Testimoni di Dio nella storia degli uomini
IL CONCILO DAVANTI A NOI
Da laici nella Chiesa e nella Storia
Luigi Bobba, deputato PD,
già Presidente ACLI
Schema del mio intervento:
1. Il senso di quell’avverbio :”davanti”
2. Due modi diversi di ricordare il Concilio:
a) L’Anno della fede
b) La memoria dei movimenti di base
3. Il “laico”, il laicato cattolico, come scoperta più grande ( ma forse anche “piede di argilla”) del
Concilio.
4. Le tappe italiane di una lunga “traversata” ( Bartolomeo Sorge): Roma ’76; Loreto ’85; Palermo ’96;
Verona 2006
5. Che fare oggi?
a) Definire chiaramente l’identità, l’autonomia e la missione dei laici nella Chiesa e nel mondo
b) Voltare pagina: dalla secolarizzazione alla società post-secolare . Il laicato cattolico e la
questione antropologica
1. IL SENSO DI QUELL’AVVERBIO : DAVANTI
Il gruppo che ha ideato questo nostro incontro ha già operato, legittimamente, importanti scelte
interpretative. Ad esempio collocando il Concilio non alle nostre spalle, come un fatto già concluso, ma
all’orizzonte del nostro sguardo, come una prospettiva, un faro, una stella polare, una forza trainate che
spinge in avanti.
Chi siamo noi oggi dinanzi al Concilio: siamo eredi di un evento o anche artefici e parte in causa di un
compimento? Siamo collocati nell’ambito di un GIA’ (concluso) o siamo anche parte di un NON- ANCORA
(tutt’ora in corso) ?
E’ questa una questione non nuova, relativa al Concilio, che si presenta come un segno di contraddizione e
un autentico spartiacque:
Esistono due ben note interpretazioni contrapposte del Concilio che il Papa attuale, Benedetto XVI , ha
chiamato “ermeneutica della discontinuità e della rottura” ed “ermeneutica della riforma”,cioè del
rinnovamento nella continuità. “L’una ha causato confusione, l’altra, silenziosamente, ma sempre più
visibilmente, ha portato frutti”( Discorso alla Curia romana, 22 dicembre 2005).

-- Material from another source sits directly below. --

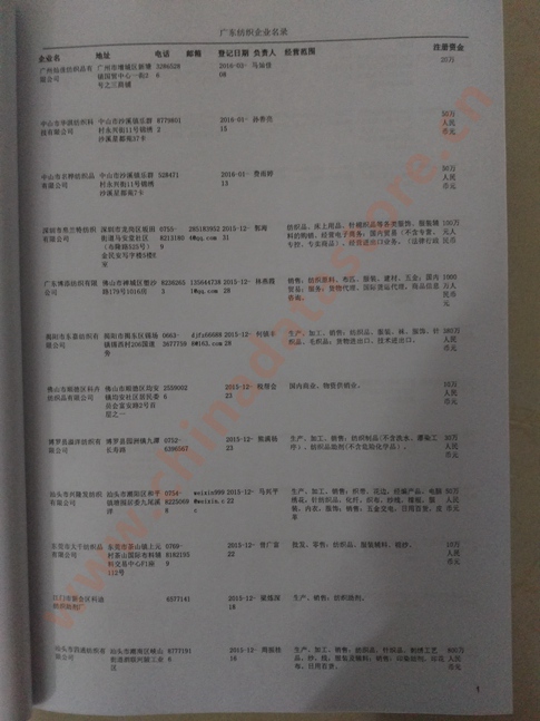 | 廣東紡織企業(yè)黃頁 | 所有廣東紡織企業(yè)黃頁 | 80% - 90% | 600元 | 附贈一冊廣東紡織紙質(zhì)印刷品 |

Io naturalmente non sono tra i sostenitori dell’ermeneutica della discontinuità e della rottura, cioè tra
quelli che vanno oltre i testi, considerati frutto di compromessi, per cavalcare il cosiddetto “spirito del
concilio”, per spingere verso una quasi rifondazione della Chiesa. Sono tra quelli, certamente la
maggioranza, che hanno creduto all’ “ermeneutica della riforma” e che fin dall’inizio hanno preso sul serio
l’intenzione di papa Giovanni XXIII dichiarata nel discorso d’apertura del concilio, l’11 ottobre 1962, in cui
affermava che il concilio voleva “trasmettere pura ed integra la dottrina, senza attenuazioni o
travisamenti”, ma che questa doveva essere ”approfondita e presentata in modo che corrisponda alle
esigenze del nostro tempo”.
In quasi mezzo secolo, la società è cambiata in modo molto rapido, ma non sempre le speranze suscitate
dal Concilio, sono diventate elemento ordinario della vita della Chiesa.
Il discernimento sui famosi “segni dei tempi” si è piuttosto appannato. Certamente non su tutto il
bilancio è negativo. C’è stato l’incontro interreligioso di Assisi I ( 27 0ttobre 1986) e Assisi II (27 ottobre
2011) , il Papa in Sinagoga e il Papa in Moschea; abbiamo avuto anche la Mulierisdignitatem e il documento
Erga Migrantes Caritas Christi(2004). Importante poi la Caritas in Veritate per le sue coraggiose aperture.
Ovviamente bisogna comprendere le ragioni storiche di questa grande prudenza della gerarchia: da una
parte la forza d’urto del dissenso cattolico (si pensi alle Comunità di base) e dall’altra il fenomeno
dell’integralismo alla maniera di Marcel Lefebvre, fino all’ affaire Williamson(negazionista della Shoà), uno
dei 4 vescovi lefebvriani ai quali Benedetto XVI ha ritirato la scomunica.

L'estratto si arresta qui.